As an initial hypothesis, it might be supposed that this would primarily manifest itself in how the MIC acted externally, because unipartisan leadership may evince a form of “groupthink” that would tend to cause insularity and a divergence between the organization and those outside it (Glaeser and Sunstein, 2009). It could be hypothesized that any advantage due to viewpoint diversity would appear only in external operations under organizational control; this was principally the accountability and results portion of the PART and to lesser extent, the program management section. This is consistent with finding a strong and highly significant effect in the results section, a weaker effect in program management (in this case only a possible and non-significant effect), and no detectable effects in models predicting the other PART components. It is also consistent with finding commission effects mediated through positive effects on “direct federal” and “research” programs where the agency deals directly with, and may need to respond to, large stakeholder populations with differing perspectives.
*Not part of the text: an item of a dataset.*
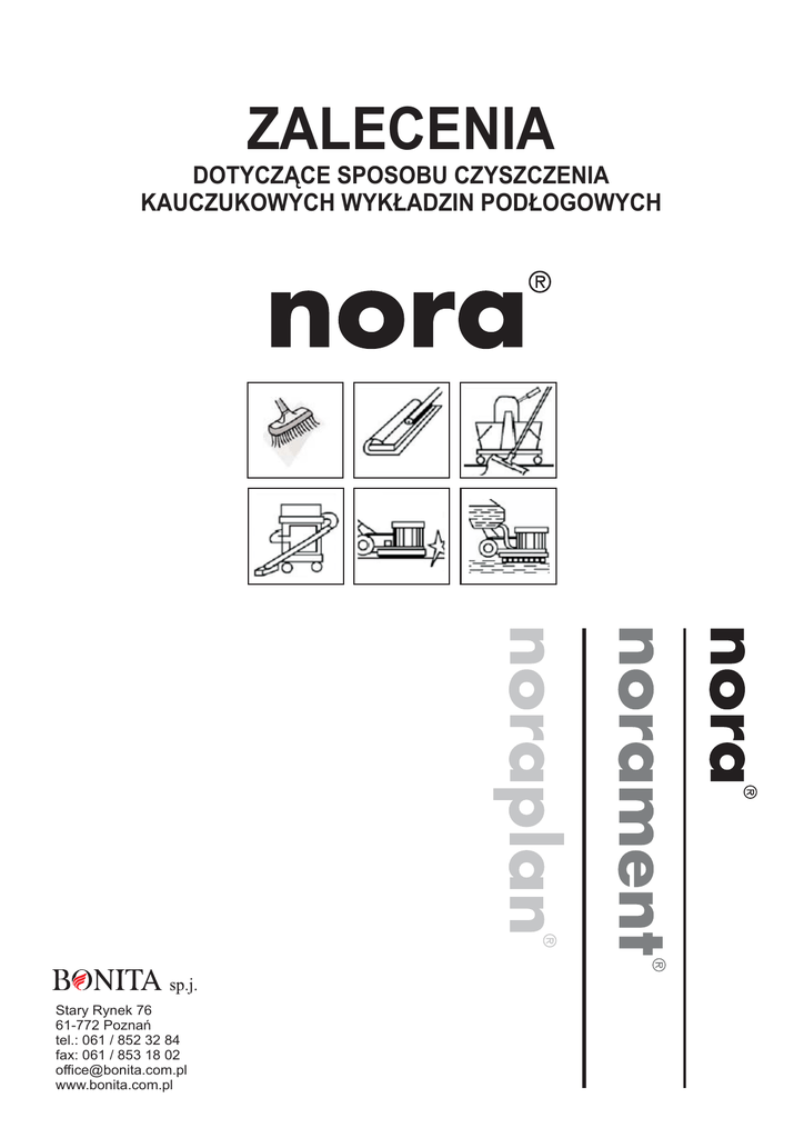 ZALECENIA DOTYCZ¥CE SPOSOBU CZYSZCZENIA KAUCZUKOWYCH WYK£ADZIN POD£OGOWYCH Stary Rynek 76 61-772 Poznañ tel.: 061 / 852 32 84 fax: 061 / 853 18 02 [email protected] www.bonita.com.pl Zalecenia dotycz¹ce sposobów czyszczenia Spis treœci Str. 1. Uwagi ogólne 1.1 Uwagi ogólne 1.2 Œrodki redukuj¹ce pojawianie siê brudu 1.3 Rodzaje czyszczenia 3 3 3 3 2. Standardowe zalecenia 2.1 Wstêpna konserwacja / zabezpieczanie 2.2 Regularna konserwacja / czyszczenie 4 5 5 3. Czyszczenie obszarów o specyficznych wymaganiach 3.1 S³u¿ba zdrowia 3.2 Pomieszczenia o zaostrzonych wymogach utrzymania czystoœci 3.3 Pod³ogi unoszone 3.4 Sale sportowe i wielofunkcyjne 7 7 8 9 9 4. Œrodki czyszcz¹ce i poleruj¹ce 4.1 Produkty do czyszczenia i konserwacji 4.2 Produkty do czyszczenia dla prywatnych u¿ytkowników 4.3 Specjalne produkty czyszcz¹ce 4.4 Specjalne œrodki czyszcz¹ce 11 12 13 13 13 5. Usuwanie plam 5.1 Plamy po substancjach powszechnie stosowanych 5.2 Plamy po zaschniêtych lekach 14 14 15 6. Zalecenia dotycz¹ce czyszczenia pokryæ sto³owych norastat ® 16 7. Zalecenia dot. wstêpnego czyszczenia, wstêpnego polerowania i rutynowych zabiegów czyszcz¹cych ®dla wyk³adzin kauczukowych ® ® ® noraplan /ecoplan oraz norament /ecoment 16 8. Zalecenia dot. wstêpnego czyszczenia, wstêpnego polerowania i rutynowych zabiegów czyszcz¹cych dla pod³óg unoszonych ® i bezspoinowych p³ytek elastycznych noraplan 17 ® 9. Dodatek dla wyk³adzin noraplan z g³adk¹ powierzchni¹ polerowanie na wysokich obrotach. 2 18 1. Uwagi ogólne 1.1. Uwagi ogólne Jeœli zamierzaj¹ Pañstwo stosowaæ odrêbne metody czyszczenia, nieuwzglêdnione w niniejszej instrukcji oraz w przypadku wyst¹pienia specyficznych warunków pracy, nale¿y przeprowadziæ szereg testów sprawdzaj¹cych we w³asnym zakresie, które pomog¹ sprawdziæ, czy sposoby czyszczenia, œrodki i maszyny, które zamierzaj¹ Pañstwo stosowaæ, spe³niaj¹ specjalne wymagania. Nale¿y upewniæ siê, ¿e ¿adne z zastosowanych œrodków ani procesów czyszczenia nie spowoduj¹ efektów przeciwnych do zamierzonych w stosunku do wyk³adzin i ich w³aœciwoœci. 1.2. Œrodki redukuj¹ce pojawianie siê brudu Rozleg³e strefy wy³apywania brudu przed wejœciem oraz strefy wycieraczek w obszarze wejœciowym skutecznie redukuj¹ brud. 1.3. Rodzaje czyszczenia Czyszczenie wstêpne Wszystkie wyk³adziny kauczukowe typu nora® zosta³y w procesie produkcji pokryte specjaln¹ warstw¹ ochronn¹, stanowi¹c¹ zabezpieczenie przed lekkimi zabrudzeniami w fazie instalacji. W zwi¹zku z powy¿szym istnieje koniecznoœæ usuniêcia tej warstwy kryj¹cej, przy pomocy intensywnego lub zasadniczego œrodka czyszcz¹cego. Mo¿liwe procedury zastosowania Maszyny i sprzêt Czyszczenie rêczne przy u¿yciu skrobaka lub mopa (np. Vileda® Padboy/Padmaster). Czyszczenie przy u¿yciu maszyny jednodyskowej lub odkurzacza wodnego. Wstêpne polerowanie wyk³adziny przy u¿yciu œrodka czyszcz¹cego w sprayu. 3 Polerowanie wstêpne kauczukowych wyk³adzin pod³ogowych typu nora. Zastosowanie œrodków pielêgnuj¹cych obni¿a podatnoœæ na zabrudzenia, u³atwia póŸniejsze rutynowe czyszczenie i zabezpiecza wyk³adzinê przed drobnymi uszkodzeniami mechanicznymi (co w efekcie przed³u¿y czas ich u¿ytkowania). Procedura wstêpnego polerowania musi zostaæ poprzedzona czyszczeniem wstêpnym/ochronnym. W zale¿noœci od typu obuwia, podczas chodzenia po wyk³adzinach elastycznych mog¹ pojawiaæ siê dŸwiêki. Piszczenie mo¿na zredukowaæ lub wyeliminowaæ przy pomocy odpowiednio dobranych produktów konserwuj¹cych /zabezpieczaj¹cych w odpowiednim stê¿eniu. Intensywne czyszczenie poœrednie/podstawowe wyk³adzin kauczukowych nora® Celem intensywnego czyszczenia poœredniego jest usuwanie silnych zabrudzeñ od czasu do czasu. Czyszczenie rutynowe wyk³adzin kauczukowych nora® Czyszczenie rêczne: Dobre rezultaty czyszczenia osi¹gniemy stosuj¹c dwuetapowe przecieranie powierzchni przy pomocy p³askiego mopa / œcierki (system z³o¿ony z dwóch mopów i ruchomego uchwytu) lub specjalnego jednoetapowego systemu, takiego jak system SWEP Vileda, oraz odpowiednie œrodki myj¹ce/poleruj¹ce. Tradycyjne mopy ze sznurka mog¹ zostaæ równie¿ u¿yte, jednak s¹ wolniejsze, mniej efektywne i wymagaj¹ wiêcej wysi³ku ni¿ systemy mopów p³askich. Przy u¿yciu maszyny: Czyszczenie automatyczne jest zalecane dla du¿ych, nieskomplikowanych powierzchni. W tym celu u¿ywa siê specjalnych maszyn czyszcz¹cych, zgodnie z zaleceniami producentów œrodków czyszcz¹cych. W celu otrzymania równej i zbitej warstwy ochronnej, wyk³adzina powinna byæ polerowana zgodnie z zaleceniami. 2. Standardowe Zalecenia Wa¿na informacja W celu usuniêcia niezwi¹zanego brudu nale¿y u¿yæ szczotek, maszyn zamiataj¹cych, odkurzacza lub mokrego mopa. Rozcieñczyæ wod¹ rekomendowany intensywny œrodek czyszcz¹cy, zgodnie z zaleceniami producenta i rozprowadziæ go przy pomocy jednodyskowej maszyny czyszcz¹cej z czerwonym padem/szczotk¹ œredni¹ do twardej, upewniaj¹c siê, ze œrodek jest rozprowadzany równomiernie na ca³ym obszarze. Jeœli intensywny œrodek czyszcz¹cy nie jest dostêpny, mo¿na równie¿ Zastosowaæ odpowiedni œrodek podstawowy. 4 Po pozostawieniu powierzchni na 15 min do wyschniêcia, czyœciæ intensywnie przy pomocy jednodyskowej maszyny czyszcz¹cej. Wa¿ne: jeœli u¿ywamy podstawowego œrodka czyszcz¹cego, nie wolno pozwoliæ by wysech³. U¿yæ odkurzacza, aby usun¹æ brudny roztwór detergentu. Powierzchnia wyk³adziny musi byæ wolna od resztek brudu. Jeœli u¿yliœmy intensywnych œrodków czyszcz¹cych i konserwuj¹cych do czyszczenia / zabezpieczania wstêpnego, nie ma koniecznoœci zmywania powierzchni czyst¹ wod¹. Jednak, jeœli u¿yliœmy podstawowego œrodka czyszcz¹cego, wyk³adzinê trzeba zmyæ przy u¿yciu czystej wody. 2.1 Wstêpna konserwacja / zabezpieczanie U¿yæ delikatnego mopa czyszcz¹cego, aby równomiernie r
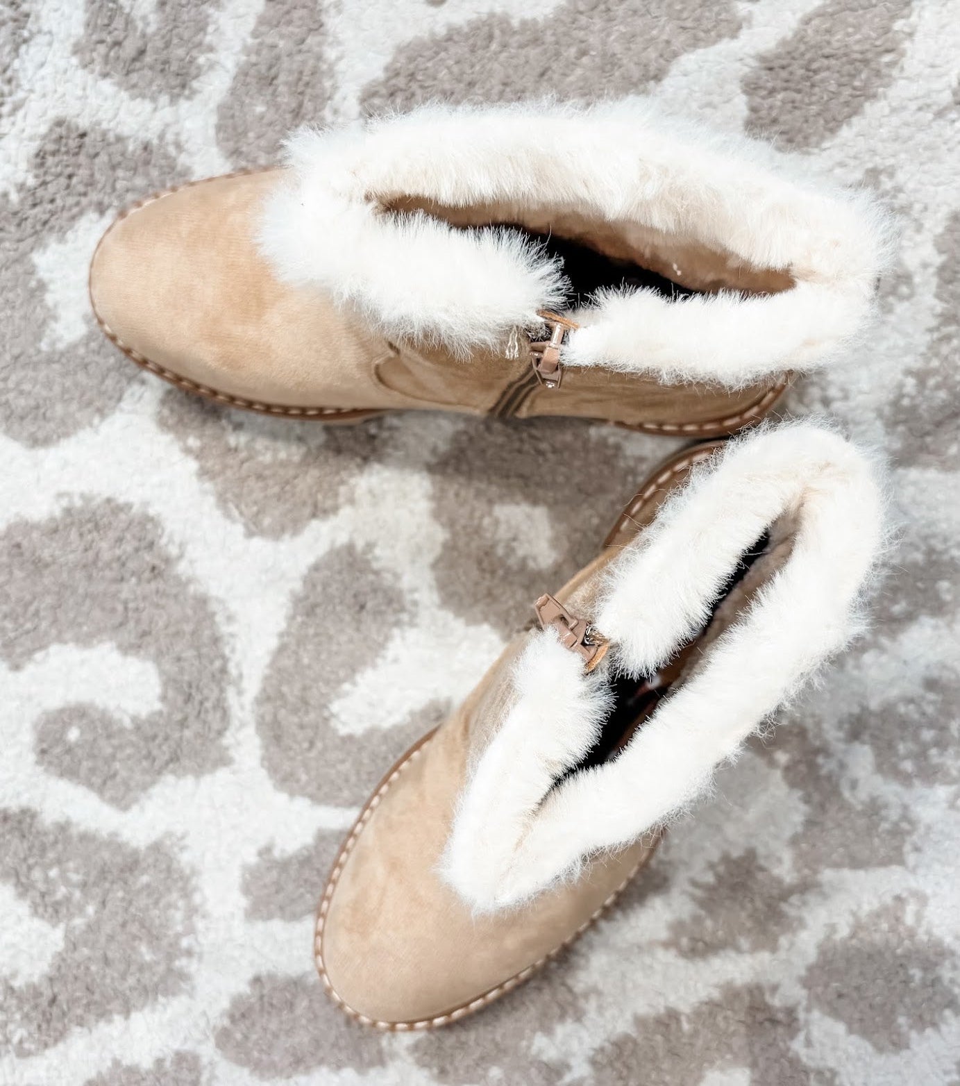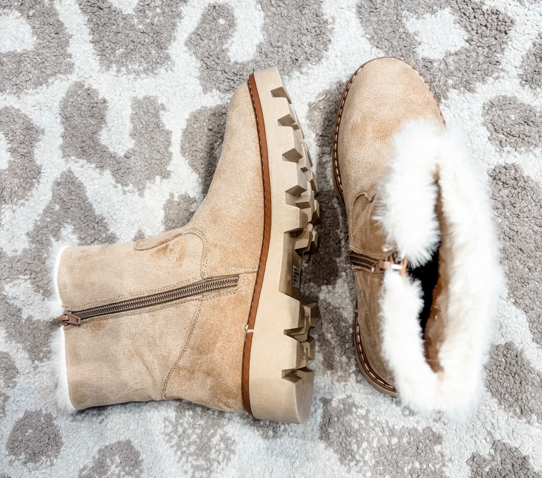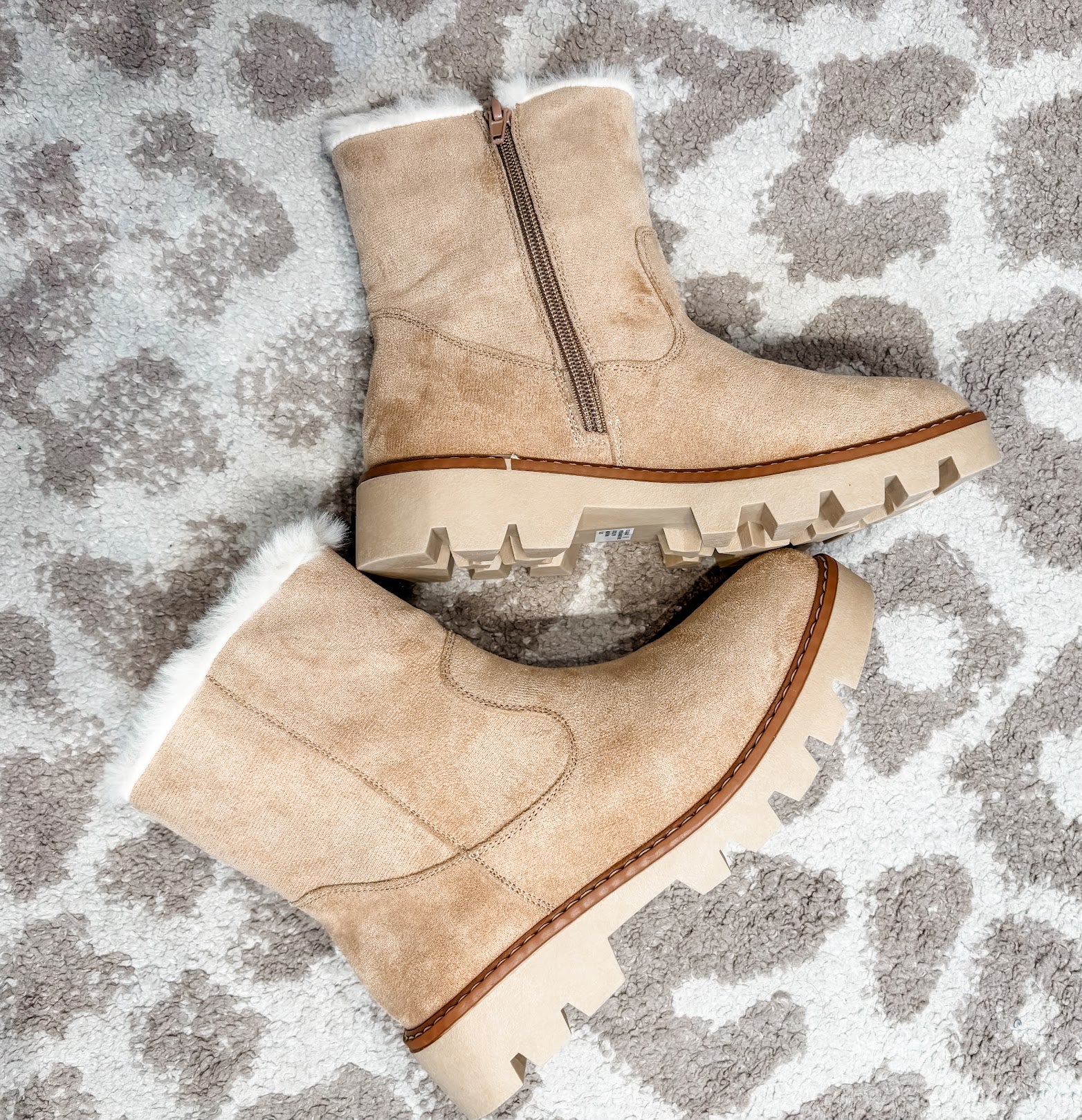 Step into cozy, chic style with our Marlo Sand Suede Boots! Crafted with a soft suede leather upper and a plush faux fur lining, these boots keep your feet warm while delivering timeless style. The interior zip closure makes them easy to slip on and off, and the stockman heel adds just the right amount of lift for everyday wear.

Notably with research, the presence of multiple perspectives could be of value. The “MIC” driving the results here with regard to independence and research (and to some extent, the overall positive effect of the “research” variable on program performance) is the National Science Foundation (NSF). All but one of NSF's 11 rated programs were rated at the highest level of “Effective” and the other was rated just below at “Moderately Effective.” Although the 25-member governing board of NSF is not required to be bipartisan and is explicitly “apolitical,” its members are appointed in staggered 6-year terms by the President (and thus often Presidents of different parties), and these distinguished scientist-citizens from across the country are likely to represent more heterogenous views than organizations led by aligned political appointees and a hierarchical structure of single decisionmakers (whether career or political). However, whether the positive results should be attributed to the particular characteristics of the NSF as an organization apart from its independence cannot be determined from this data. Ideally, the performance of several independent agencies in administering research programs could be compared with that of several non-independent agencies, or alternatively, a more thorough causal case study could demonstrate how independence contributes to performance. But this must await future research, noting that this association is suggestive but not conclusive.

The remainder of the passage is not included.